PROBLEM DETAILS: Each record here should be printed again exactly; please leave its pictures out.

DATA SUPPLIED:
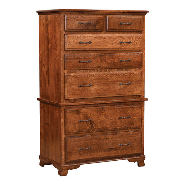 This Country Economy Bedroom Collection is Classic American Country. Drawers are English Dovetailed front and back and we use solid hardwood drawer boxes. Drawer suspension is Side Mount Full Extension ball bearing slides. Custom sizes and details are always avail options as well as matching beds in all sizes with and without under drawers. We have it shown here in an OCS113 Michele?s finished Solid Plain Cut American Cherry . We have hundreds of finishes and many wood species to choose from. Call Toll Free: 888-302-2276
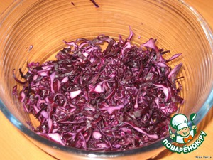 - Капуста краснокочанная (у меня большой, поэтому я взяла половину) — 1 вилок
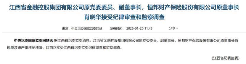 1月20日,恒邦财险原董事长肖晓华,在退休三年后被相关部门通报落马。本日,据中央纪委国度监委网站引述江西省纪委监委音尘:江西省金融控股集团有限公司原党委委员、副董事长,恒邦财产保障股份有限公司原董事长肖晓华涉嫌严重违法坐法,当今正接受江西省纪委监委次第审查和监察访问。
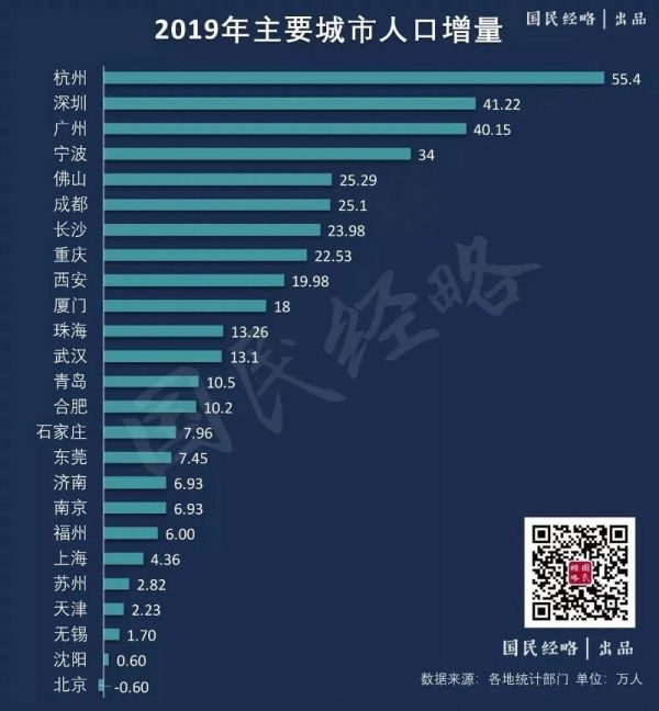 2019年,武汉的常住人口增量为13.1万,处于中等水平,图源国民经略
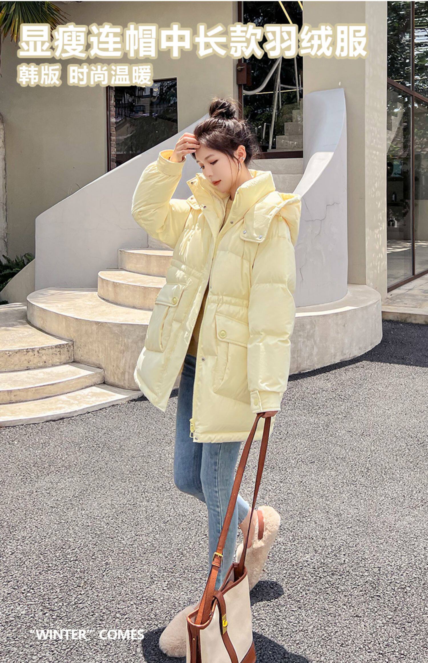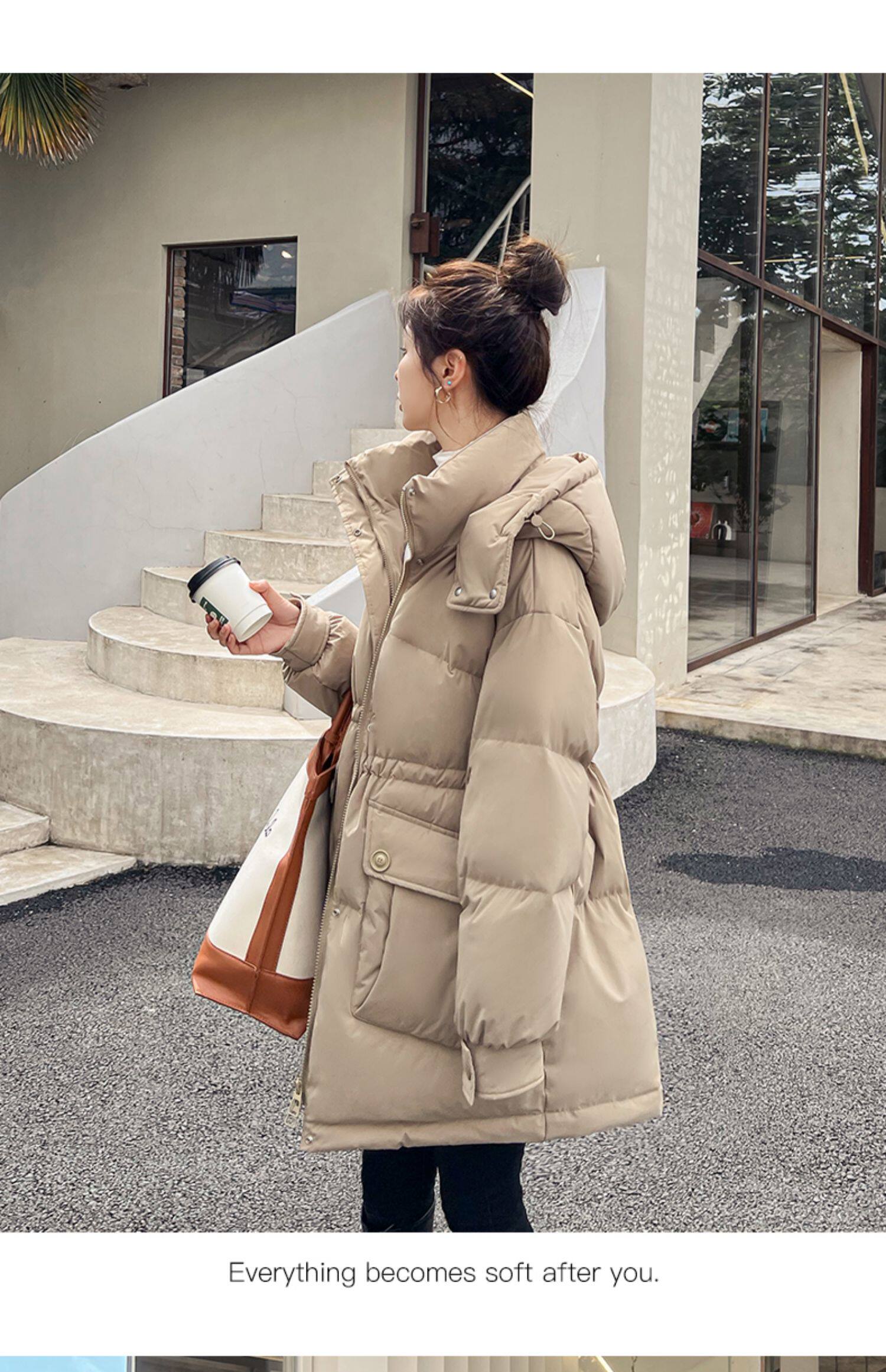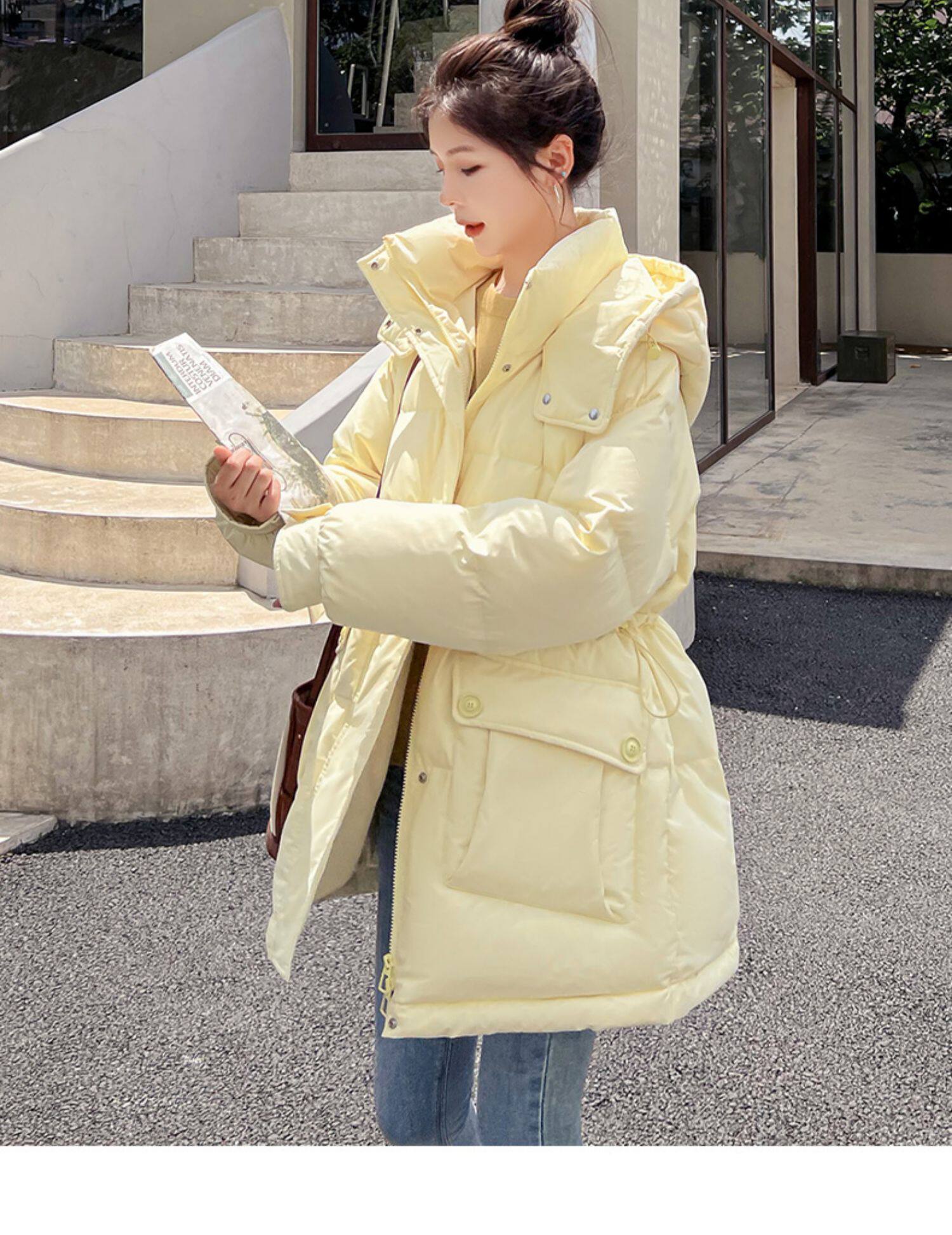 Модный длинный зимний пуховик, модная куртка, утиный пух, средней длины
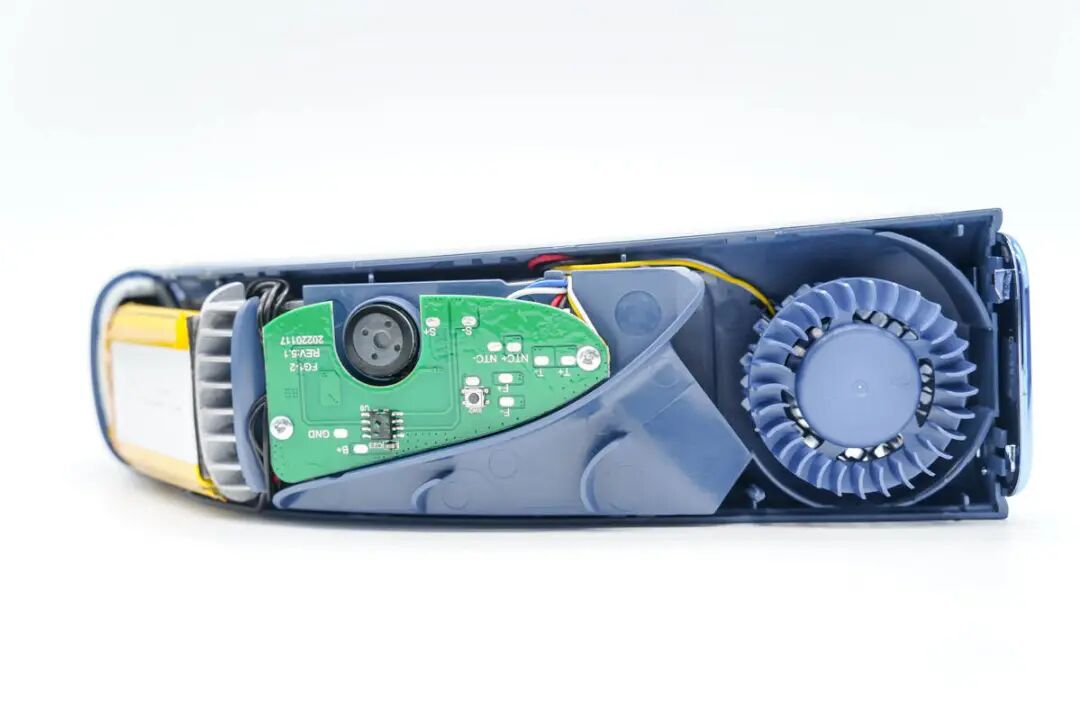 充电头网通过拆解了解到,图拉斯酷飞2挂脖空调内置4000mAh锂电池,支持长时间使用。产品具备凉风模式,热疗模式和空调模式,不同季节均可使用。空调内置两片TEC制冷片,并在制冷片内部集成NTC热敏电阻,精确检测温度,响应更快,控温高效精准。
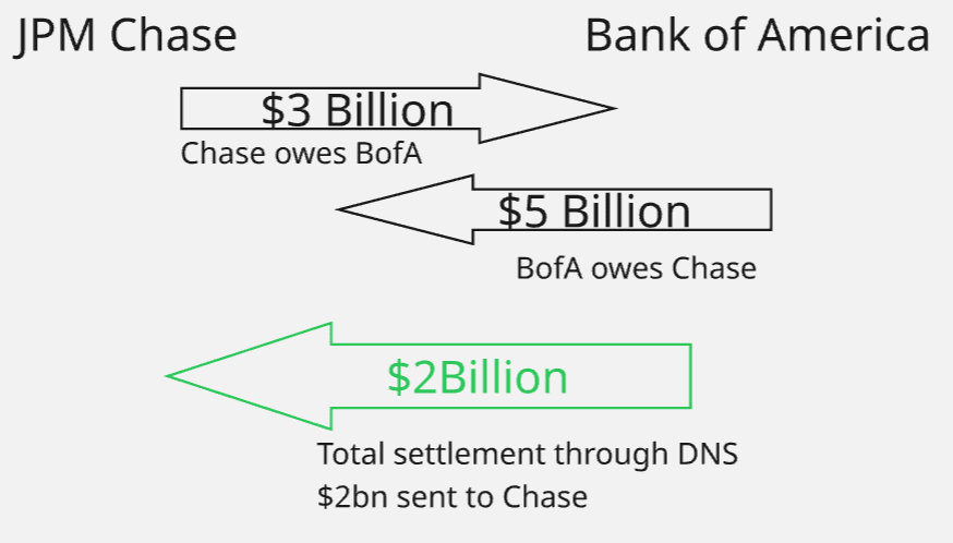 DNS - Deferred Net Settlement is a system that is the direct opposite of RTGS from above. It settles payments on the backend in batches which are frequently netted. For example, CHIPS is using DNS system which means that it aggregates multiple payments into one. If bank XYZ sends $10 to bank BIT and the same day, bank BIT sends bank XYZ $5, there will be just one transaction though DNS: from bank XYZ to bank BIT totaling $5.
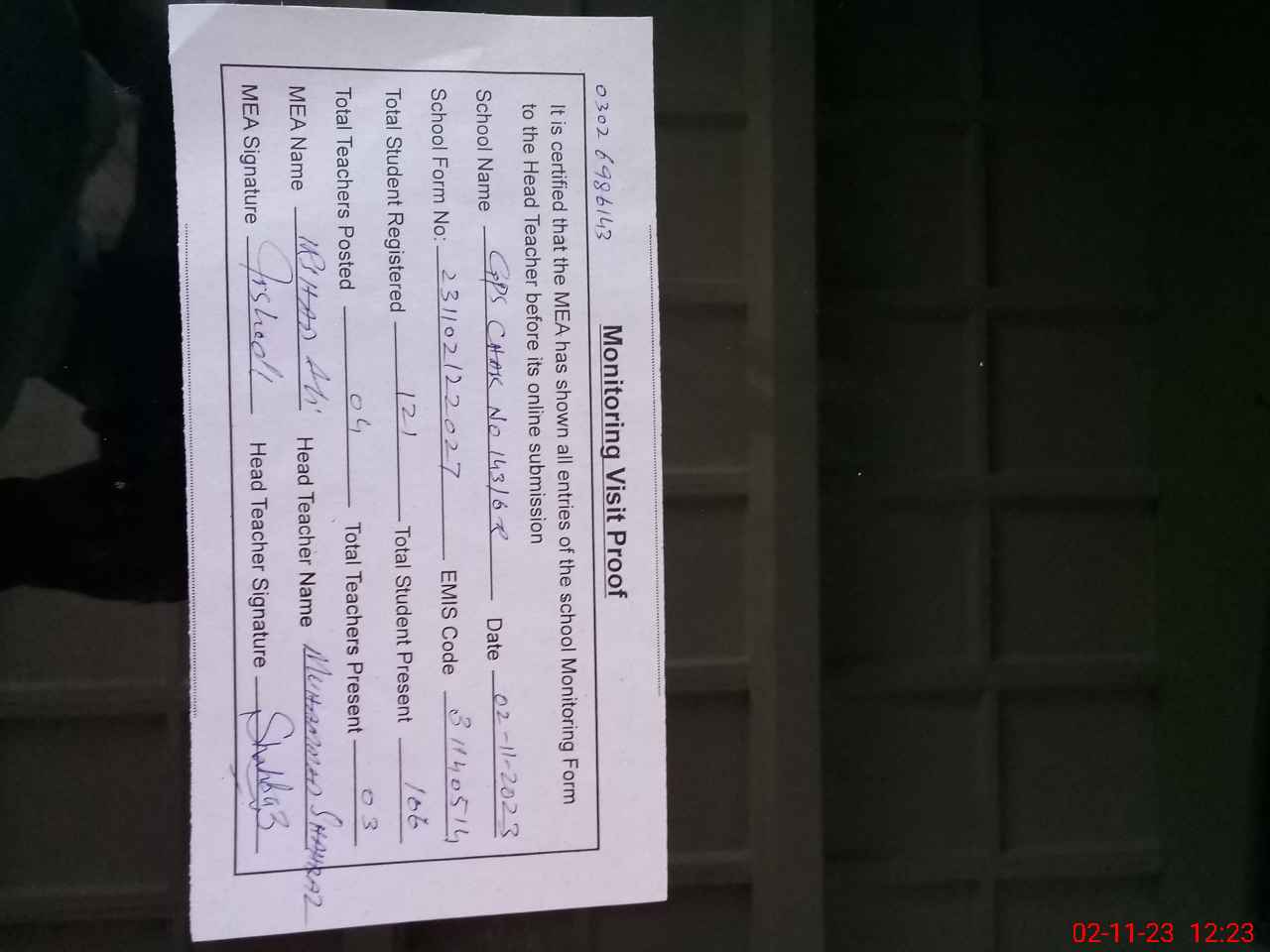 | Name: MU**** SH**** Designation: (School Headmaster's/Headmistress's) Pst Phone/Cell Number: 03**** |
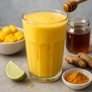 A trendy, dairy-friendly mango and turmeric smoothie flavoured with lime and a drizzle of Manuka honey. Quick to make, packed with colour and ideal for breakfast or a post-workout pick-me-up.

WRITTEN SOLUTION:
 This Country Economy Bedroom Collection is Classic American Country. Drawers are English Dovetailed front and back and we use solid hardwood drawer boxes. Drawer suspension is Side Mount Full Extension ball bearing slides. Custom sizes and details are always avail options as well as matching beds in all sizes with and without under drawers. We have it shown here in an OCS113 Michele?s finished Solid Plain Cut American Cherry . We have hundreds of finishes and many wood species to choose from. Call Toll Free: 888-302-2276
 - Капуста краснокочанная (у меня большой, поэтому я взяла половину) — 1 вилок
 1月20日,恒邦财险原董事长肖晓华,在退休三年后被相关部门通报落马。本日,据中央纪委国度监委网站引述江西省纪委监委音尘:江西省金融控股集团有限公司原党委委员、副董事长,恒邦财产保障股份有限公司原董事长肖晓华涉嫌严重违法坐法,当今正接受江西省纪委监委次第审查和监察访问。
 2019年,武汉的常住人口增量为13.1万,处于中等水平,图源国民经略
 Модный длинный зимний пуховик, модная куртка, утиный пух, средней длины
 充电头网通过拆解了解到,图拉斯酷飞2挂脖空调内置4000mAh锂电池,支持长时间使用。产品具备凉风模式,热疗模式和空调模式,不同季节均可使用。空调内置两片TEC制冷片,并在制冷片内部集成NTC热敏电阻,精确检测温度,响应更快,控温高效精准。
 DNS - Deferred Net Settlement is a system that is the direct opposite of RTGS from above. It settles payments on the backend in batches which are frequently netted. For example, CHIPS is using DNS system which means that it aggregates multiple payments into one. If bank XYZ sends $10 to bank BIT and the same day, bank BIT sends bank XYZ $5, there will be just one transaction though DNS: from bank XYZ to bank BIT totaling $5.
 | Name: MU**** SH**** Designation: (School Headmaster's/Headmistress's) Pst Phone/Cell Number: 03**** |
 A trendy, dairy-friendly mango and turmeric smoothie flavoured with lime and a drizzle of Manuka honey. Quick to make, packed with colour and ideal for breakfast or a post-workout pick-me-up.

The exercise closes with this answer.